Tout au long du 19e siècle, le renouvellement desdanses de salon trouvait son inspiration en Europe centrale. Après la polka tchèque, la mazurka, sensée être polonaise, envahit les bals. Sa dernière évolution à Paris au 20e siècle, sera la java. La forme chorégraphique la plus courante est dite "polka-mazurka" parce qu'elle alterne un pas spécifique de mazurka avec un pas reprenant les appuis de la polka (quoique en métrique 3/4, ce qui donne plutôt un pas de valse !).

3. Aréoplane

"Les Rescapés du Bal Champêtre" du val de Lasne.

L'aréoplane (sic) est une forme assez répandue d'une variante de scottish. Elle est attestée sous ce titre jusqu'en Berry et en Haute-Bretagne. La position des partenaires l'un derrière l'autre, bras à l'horizontale, justifie cette appellation. La présente version a été recueillie par Bernard VANDERHEIJDEN auprès de Madame Maria Dumortier à Rixensart, le 25/l/1977.

4. Valse. Henri Schmitz.

C'est la première danse tournante en couple fermé qui, jugée d'abord scandaleuse, va imposer au début du 19e siècle un nouvel art de danser, en réaction contre les formes collectives des contredanses. A côté de la valse des salons dont l'apogée sera la valse viennoise, les Ländler de Bohême, plus rustiques et contenant d'autres figures qu'une simple giration, influencent au début la pratique en Wallonie. Leurs formes d'aujourd'hui ont abandonné les figures.

5. Varsovlenne. "Les Rescapés du Bal Champêtre"

Variante de mazurka au schéma bien fixé: passage de la cavalière de la droite à la gauche de son partenaire, puis à l'inverse, après avoir exécuté un pas de mazurka dans la première partie de la danse, 3 pas dans la deuxième. La troisième partie valsée que comportait la forme ancienne a disparu dans bien des endroits. C'est le cas en Wallonie. La Varsovienne qui figure ici était dans le matériel d'un orchestre de bal de la fin du siècle dernier. C'est Monsieur Raymond Rosier du Bourgeois-Rixensart qui l'a communiquée à Bernard Vanderheijden.

6.Scottish et Pèt' Marianne : Henri Schmitz.

7.Schottish. Elisabeth Melchior.

Née vers 1850 dans le cours de danse du maître parisien CELARIUS, la polka se répand très vite et avec de nombreuses variantes. Sautée ici, glissée ailleurs, son tempo n'est pas fixé dès l'abord. La variante dite scottish prend bientôt une place distincte, mais en Fagnes la différence entre les deux n'est pas bien établie sur le plan musical, alors qu'elle l'est chorégraphiquement. La scottish d'Henri Schmitz, qu'il nomme "Pète, Marianne", avec une note en pizzicato main gauche pendant qu'un mouvement de la main droite donne l'impression qu'elle est jouée du bout de l'archet dans le vide, est plutôt un numéro visuel de ménétrier-animateur qu'un air à danser. Celle d'Élisabeth Melchior, quoique désignée par l'interprète comme étant une scottish, s'apparente mélodiquement aux maclotes. Le thème de la première partie n'est autre que l'air de danse britannique "Davie Knick Knack", plus connu dans le Centre avec les paroles "Marceline, cirez vos bottines". Cette mélodie est l'air le plus connu des musiques de gilles. La deuxième partie est commune à plusieurs maclotes de la région d'Aywaille.

8. Les "Tchiques" et les "Caracoles".

"Les Moissonneurs" de Winenne.

Ces mélodies fournies par les mêmes témoins que pour les Olivettes, sont difficilement datables.

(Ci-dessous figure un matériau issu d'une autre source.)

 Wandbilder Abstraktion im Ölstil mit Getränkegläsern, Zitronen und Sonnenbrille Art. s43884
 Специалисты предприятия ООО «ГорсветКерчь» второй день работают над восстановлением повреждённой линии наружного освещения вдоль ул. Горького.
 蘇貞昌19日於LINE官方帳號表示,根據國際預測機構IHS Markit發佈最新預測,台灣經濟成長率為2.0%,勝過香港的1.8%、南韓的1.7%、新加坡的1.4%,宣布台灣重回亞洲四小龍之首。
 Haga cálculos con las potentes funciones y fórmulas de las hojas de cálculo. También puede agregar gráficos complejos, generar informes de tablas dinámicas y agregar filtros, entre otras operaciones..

Les danses sont probablement des formes décadentes de chorégraphies anciennes; toutes les deux furent exécutées jusqu'à la guerre 40-45, le dernier jour de la ducasse.

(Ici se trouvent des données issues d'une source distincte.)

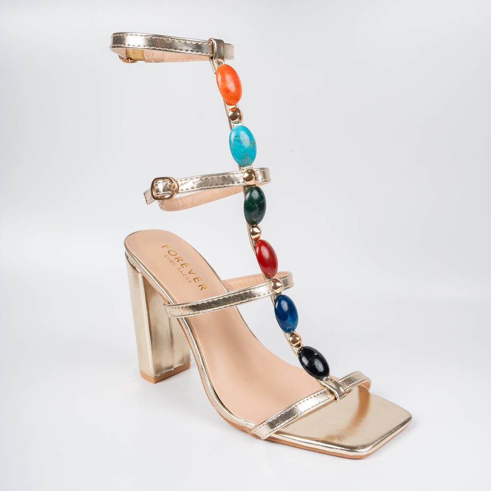 Calf-length colorful beaded heels with strap detailing for a casual yet bohemian vibe. Sandal-like closure for ultimate support and comfort to keep you elevated all day long.
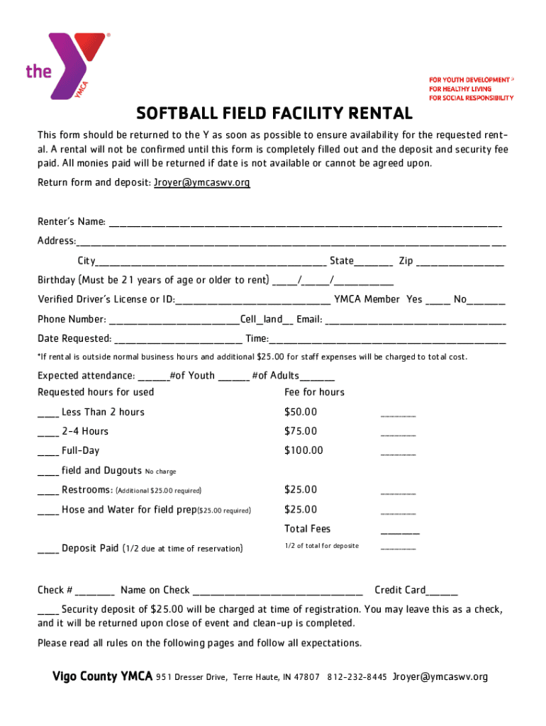 SOFTBALL FIELD FACILITY RENTAL This form should be returned to the Y as soon as possible to ensure availability for the requested rental. A rental will not be confirmed until this form is completely
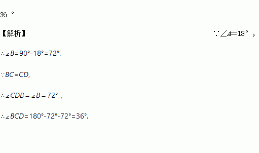 如图,在Rt△ABC中,∠ACB=90°,∠A=18°,将△ABC绕点C按顺时针方向旋转后得到△EDC, 此时点D在AB边上,则旋转角的大小为__________.

Les interprètes actuels décrivent les Tchiques comme une grande farandole au cours de laquelle on s'accroupit à certains accents musicaux; les Caracoles par contre était une danse en cercles fermés tournant en sens inversés. Elle était connue dans toute l'Europe. Une survivance de cette figure, appelée localement "Caracole" est encore vivace à Gougnies, près de Gerpinnes: ce sont les marcheurs qui l'exécutent, le mardi de la Sainte Rolende, sur la place communale.